As a {role} i want to {ability} [in order to {purpose}]....is called a user story.
A user story's scope is always to define some functional requirement, in some cases bounded by non-functional constraints. This is a major weakness in all agile processes, as the non-functional requirements - which drive the architecture and the system's cost - don't get enough consideration.
A user story card is a composition of...
- A story (functional requirement, 'as a ... i want to ... in order to ...)
- One or more user acceptance criteria
- One or more constraints (non-functional requirements)
Example
As a blog author I want to be able to add diagrams to my blog posts in order to impress my readers.
User acceptance criteria:
- The blog author can upload an image in one of the following file formats: jpeg, gif, bmp and tif.

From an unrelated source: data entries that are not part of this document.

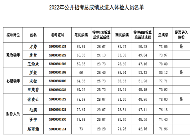 根据《贵州省实验中学2022年公开招聘工作人员方案》规定,现将贵州省实验中学2022年公开招聘工作人员总成绩及体检相关事宜予以公告。
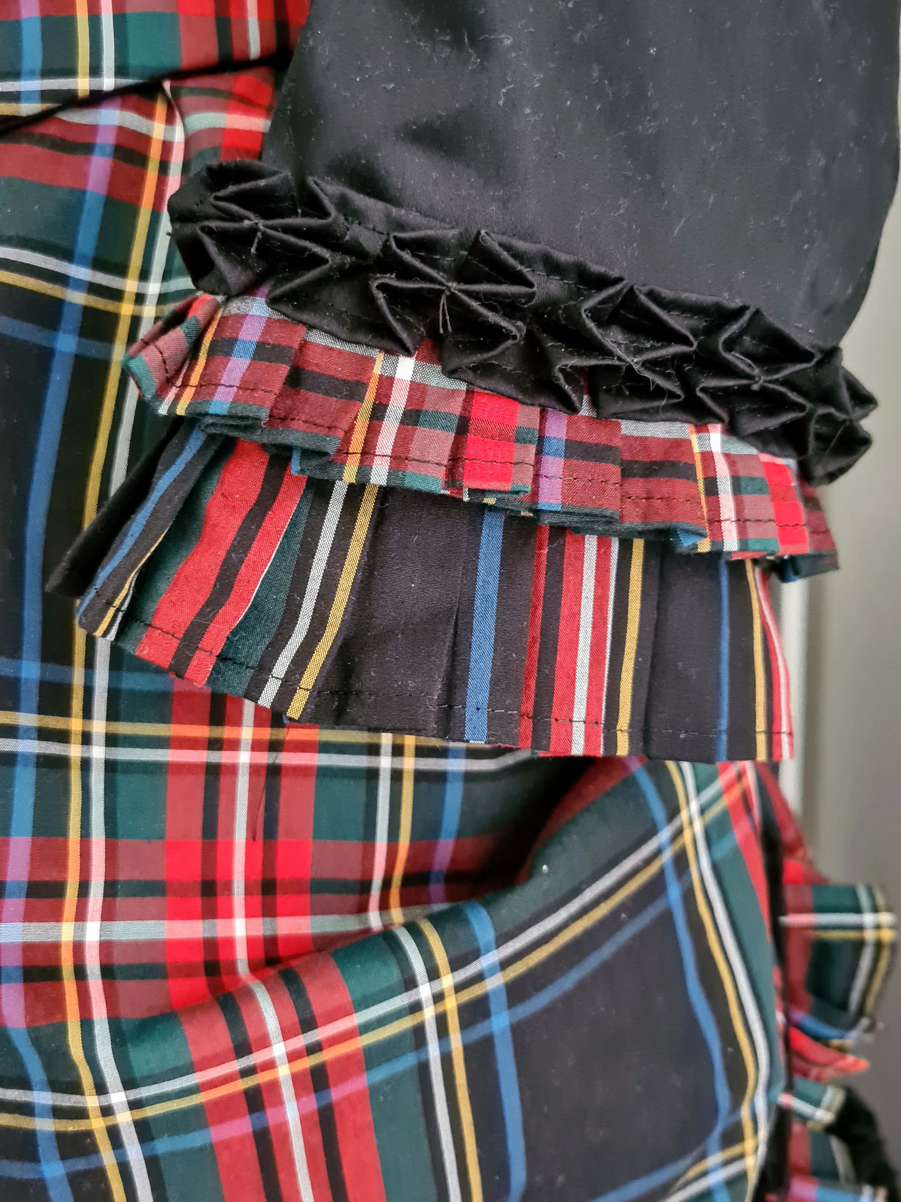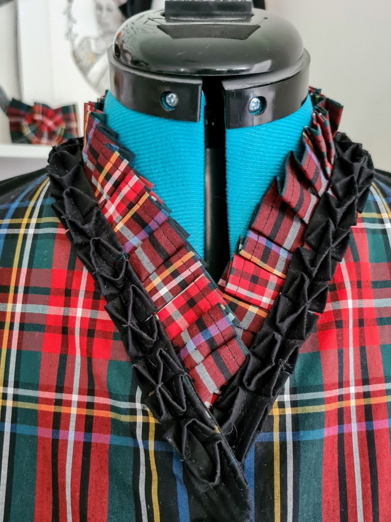 To strike a balance between the black and tartan, I chose to go with black sleeves, with pleated tartan cuffs and some more of the pulled box pleats as well.
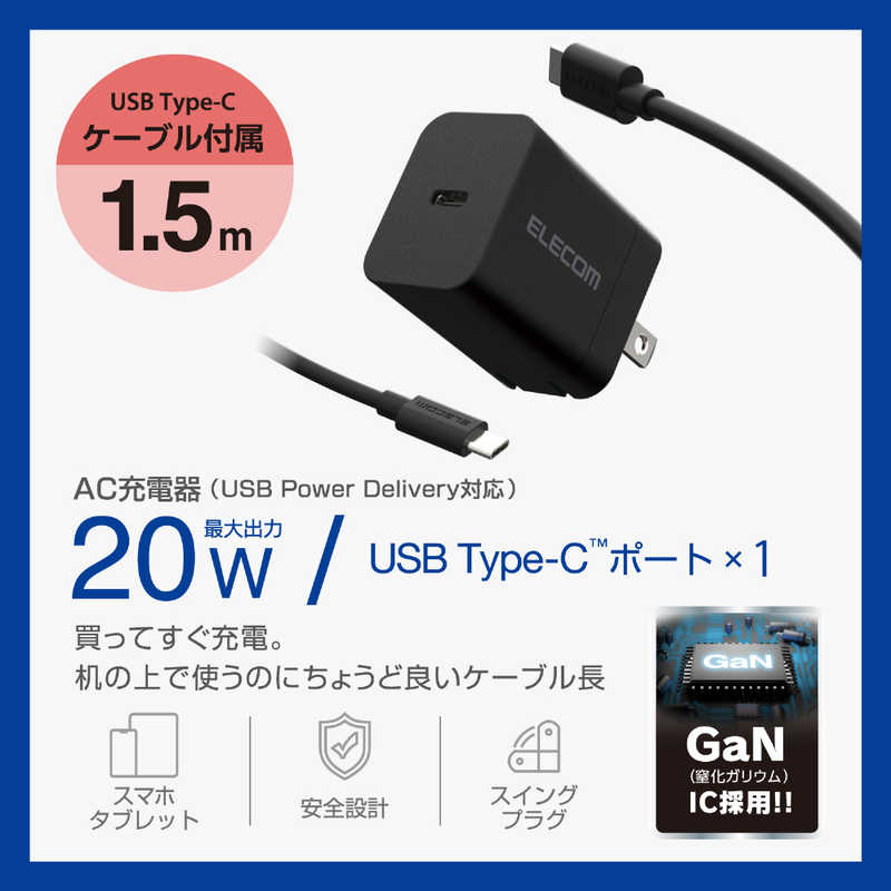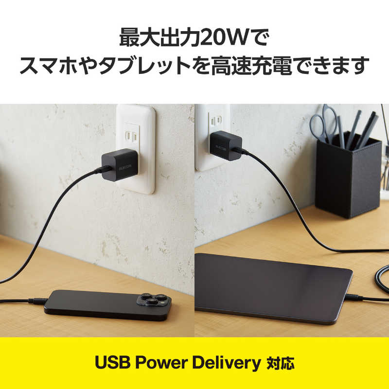 エレコム ELECOM USB Power Delivery 20W AC充電器(C-Cケーブル付属/1.5m) ブラック MPA-ACCP7120BK
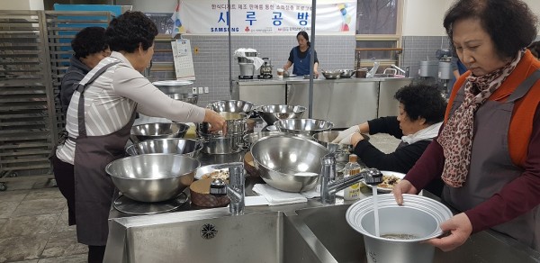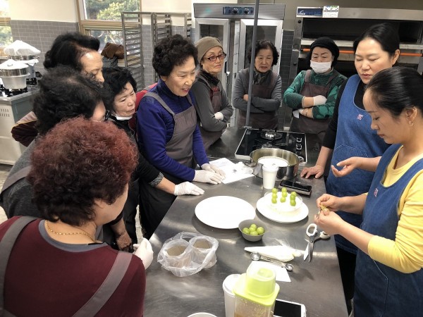 삼성SD부문, 공동모금회 지원으로 실시되는 시루공방 6, 7회기가 진행되었습니다. 향후 어르신 취업을 위한 한식디저트 제조 판매 사업으로 다양한 한식 디저트를 제조 하고 있습니다. 6회기에는 코코아증편케이크, 7회기에는 청포도라이스케이크를 제조하였습니다.
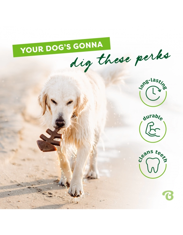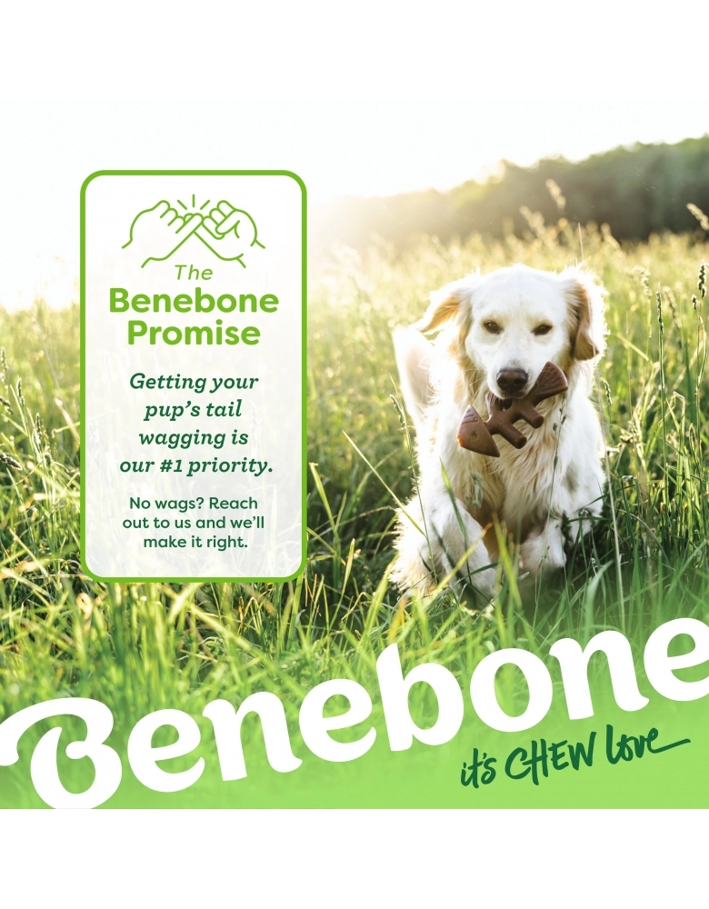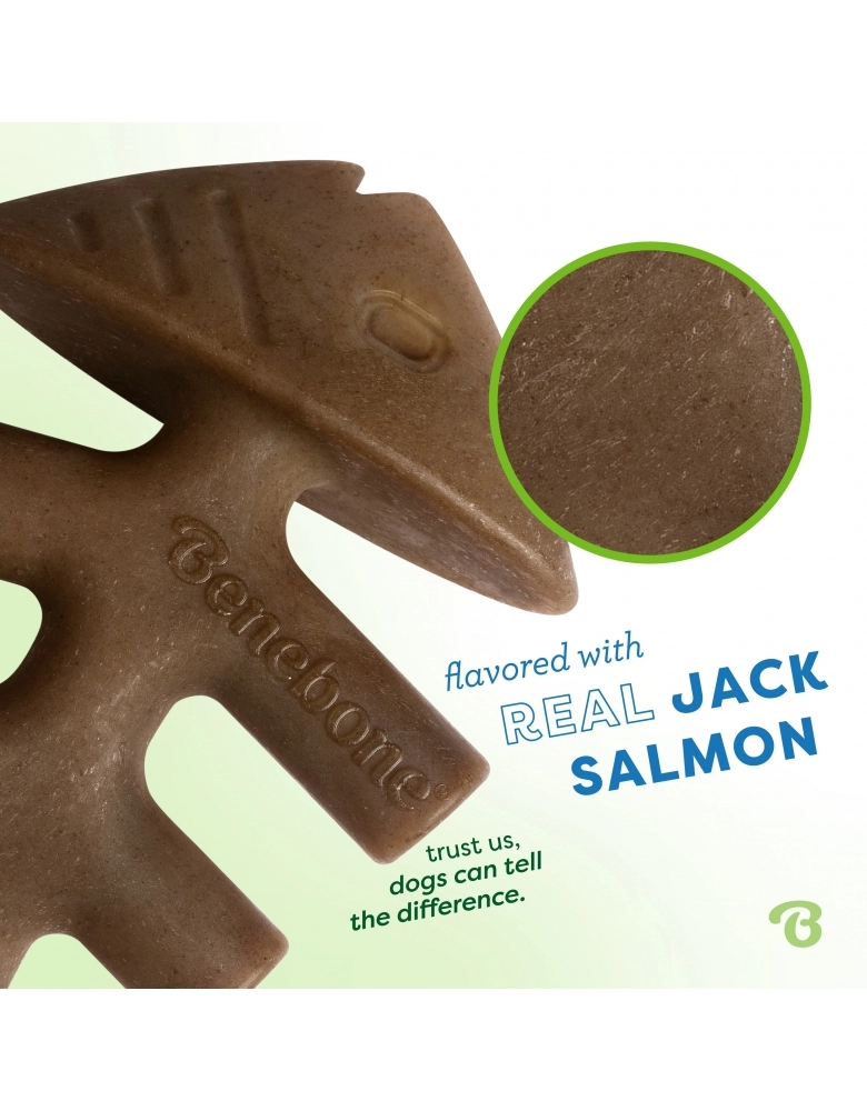 Benebone é um brinquedo de roer feito de Nylon e algum ingrediente natural. Nesse caso, salmão.
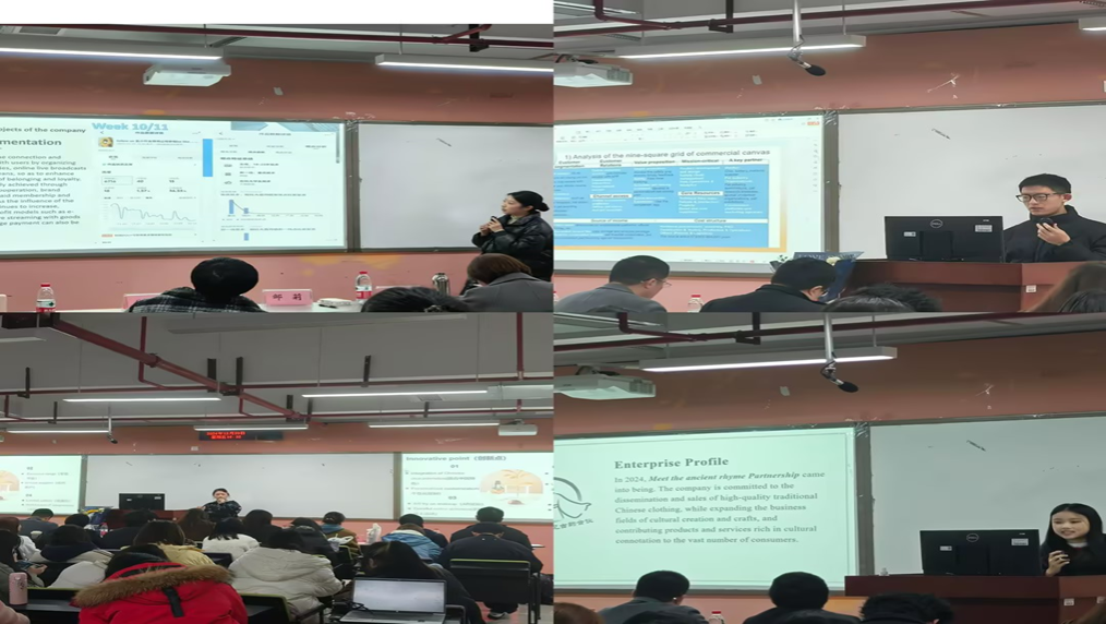 活动中,同学们以小组为单位,按照既定的顺序,通过PPT展示结合小组讲解的形式,全面而深入地汇报了他们在课程中的学习成果。汇报内容围绕企业概况(包括企业定位、团队构成、项目背景)、营销策略(推广策略、销售渠道、品牌建设)、运营管理(组织架构、人力资源管理)以及成果展示(项目成果、反馈、改进方向)等多方面展开,同学们在汇报中不仅体现了对国际商务知识的扎实掌握,还展示了他们将理论知识灵活运用到实际商务情境中的创新能力和团队协作精神。各小组在汇报中详细阐述了各自负责的企业项目,从市场分析到产品设计,再到营销策略和运营管理,充分展示了同学们将国际商务理论知识与从实际对接企业中学习到的宝贵经验相结合的能力。
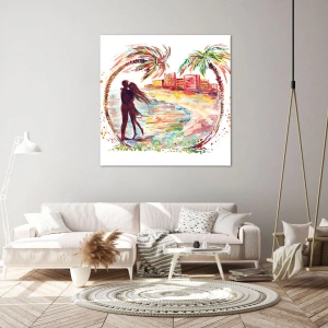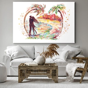 Impression sur toile - Image sur toile - Scène de couple romantique sur une plage avec des palmiers à l'aquarelle - 50x70cm - Vacances romantiques - Décoration murale moderne pour le salon et la chambre ARTTOR
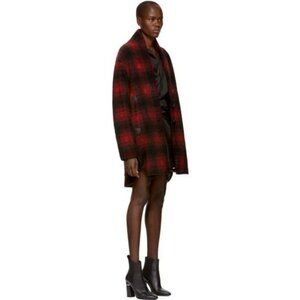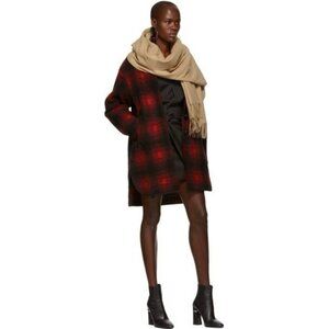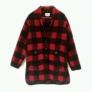 Isabel Marant Etoile Gabrie Plaid Checkered Wool Blend Coat Red and Black Medium
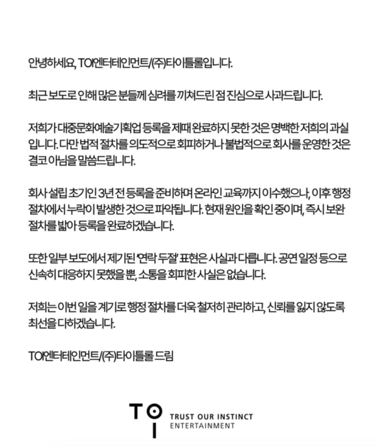 저희가 대중문화예술기획업 등록을 제때 완료하지 못한 것은 명백한 저희의 과실입니다. 다만 법적 절차를 의도적으로 회피하거나 불법적으로 회사를 운영한 것은 결코 아님을 말씀드립니다.

- The system must support image file sizes of up to 500kB.
- Uploaded images must be stored as the blog post's attachments.
- The image can be positioned within the blog post by adding a tag to the text.
- The image's alignment can be specified by adding a parameter to the tag.
- Images can be aligned to the left, to the right or centered.
- An image must be scaled to 80% of the blog's width.
- Removing the tag from the text must not delete the blog post's attachment.
Constraints:
- The GUI must be implemented in HTML 5.0
- The system must be implemented in Java
- The system must support up to 100 concurrent blog authors editing at the same time
- The system must support up to 5000 concurrent blog readers with a response time of at most 3 seconds
A user story as a sentence (the 'story') identifies - but doesn't specify - a software requirement. The difference between identification and specification is essential: A user story's purpose is to act as a placeholder for collaboration between the person holding the role (or a proxy) and the team. It's however not intended to be seen as a full (complete and unambiguous) requirement's specification. A good user story adds some purpose in order to get a feeling for the business value that the user story's implementation is likely to achieve.
A good model that might help readers with a background in software engineering is to think of the set of requirements as a hash table. The hash table's keys are the user stories. Simple, small, unique, of equal structure, but without much information content. The meat comes with the hash table's values: collaboration.
This collaboration between the role and the team is necessary to bring in the requirement's context, it's constraints, some acceptance criteria and of course the requirement itself.